CROSS-REFERENCE TO RELATED APPLICATIONS

The present invention claims priority from U.S. Patent Application No. 61/239,112 filed Sep. 2, 2009, which is incorporated herein by reference for all purposes.

FIELD OF THE INVENTION

This invention relates to a method and system for storing energy during times when the cost of electricity is below or equal to an average cost or a first cost, and to utilizing the stored energy during times when electricity is above an average cost or the first cost; and more particularly to an automated system that provides a concentration difference between two solutions and utilizes that concentration difference to provide electricity in high demand periods.

BACKGROUND OF THE INVENTION

It is difficult to alter the supply of electricity from an electricity distribution grid to adapt to changes in local demand. One solution is to store energy locally during periods of low demand and use the stored energy to produce power during periods of high demand, allowing the overall supply to be relatively constant. However it is difficult to store energy on the scale required, which may be of the order of gigaWatt hours. The most practical available method is to pump water into an elevated reservoir to store energy as hydraulic head, and recover it by allowing the water to fall back through hydroturbines. Hydroturbines that can also act as pumps have been developed for the purpose.

Places where energy storage is required may not have suitable topology for the construction of a large elevated water reservoir. To address this difficulty it has been proposed to place the reservoir in an excavated underground cavern, and to supply it with surface water to generate power, the water being pumped back to the surface in low demand periods. Very large and costly mining operations are required, as the caverns must be placed hundreds of metres underground. Such installations require economics of scale and are suitable only for very large power storage requirements. Their use is constrained by the geology of the area, since not all rock types will allow such an installation. Both methods of using hydraulic head for energy storage require long planning times and large capital investment.
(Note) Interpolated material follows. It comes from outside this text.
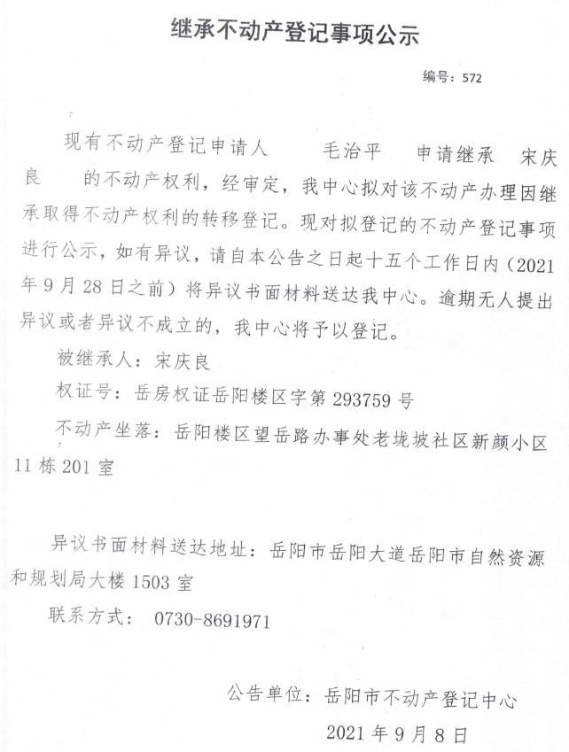 继承不动产登记公示 编号:(2021)继572(毛治平)

It has come to be understood that significant amounts of energy can be captured in the form of differences of solution concentration and converted into electrical energy. Concentration differences are created in nature when fresh water is evaporated from the oceans and delivered to land areas. Fresh and salt water, which are saline solutions of differing concentration, come into proximity at the mouths of rivers. The salinity difference between them constitutes a chemical potential that can provide significant energy generation. Methods and means of generating electrical power from the difference in concentration of two solutions include pressure-retarded osmosis, (PRO)—(Loeb, U.S. Pat. No. 3,906,250), reverse electrodialysis, (RED)—(Loeb, U.S. Pat. No. 4,171,409) and capacitive generation (D. Brogioli—Phys Rev Lett. 102,058501, (2009)).
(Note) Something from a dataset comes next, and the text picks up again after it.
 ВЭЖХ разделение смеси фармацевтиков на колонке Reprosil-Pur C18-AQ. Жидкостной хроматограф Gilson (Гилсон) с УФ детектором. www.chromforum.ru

The availability of saline solutions having a difference in salinity has a direct impact on the power-production capability of such power generators. Where naturally occurring salinity differences are used, such as that between river and sea water, or that between a salt lake and a river or sea, the supply of both solutions is essentially unlimited. Where a supply of concentrated solution is lacking it is possible to create it from a dilute one. Furthermore, the concentrated solution can be stored, thus providing a method of storing energy. Static water solutions can be concentrated by solar and wind driven evaporation in natural salt lakes and artificial ponds. Where the concentration difference is provided by such local evaporation, the rate of supply of the concentrated solution is a limiting factor on the amount of power that can be generated and the area required for the evaporation pond will be large. Loeb (U.S. Pat. No. 3,906,250) addressed this problem by using the solar collector as a heat source that provides for the redistillation of the mixed solutions after the PRO power generation step. Similarly, concentration stratification by solar thermal input can provide a concentration difference in a relatively small area. Neither method, however, provides sufficient reconcentration rate for large-scale storage of electrical energy.

In waste treatment it is known to remove water from wastewater in order to concentrate the waste or sludge for subsequent disposal. Evaporation in ponds is used for such concentration. It is known that a rate of evaporation is enhanced considerably over the rate obtainable at the open surface of a body of fluid such as a pond can be obtained by methods such as atomisation of the fluid. In the mining industry, among others, it is a common practice to evaporate water on a large scale from contaminated effluents using powered atomisers in order to concentrate the waste for further processing. The evaporators used are electrically driven ducted fans with atomising nozzles that spray the wastewater into high velocity winds generated by the fans. The atomised spray is directed back at the tailings pond. Such evaporators typically use 15 to 25 kW to drive the fan, and in good conditions can evaporate up to 144,000 gallons per day (6.3 litres/sec). The liquid remaining in the tailings pond is thereby concentrated.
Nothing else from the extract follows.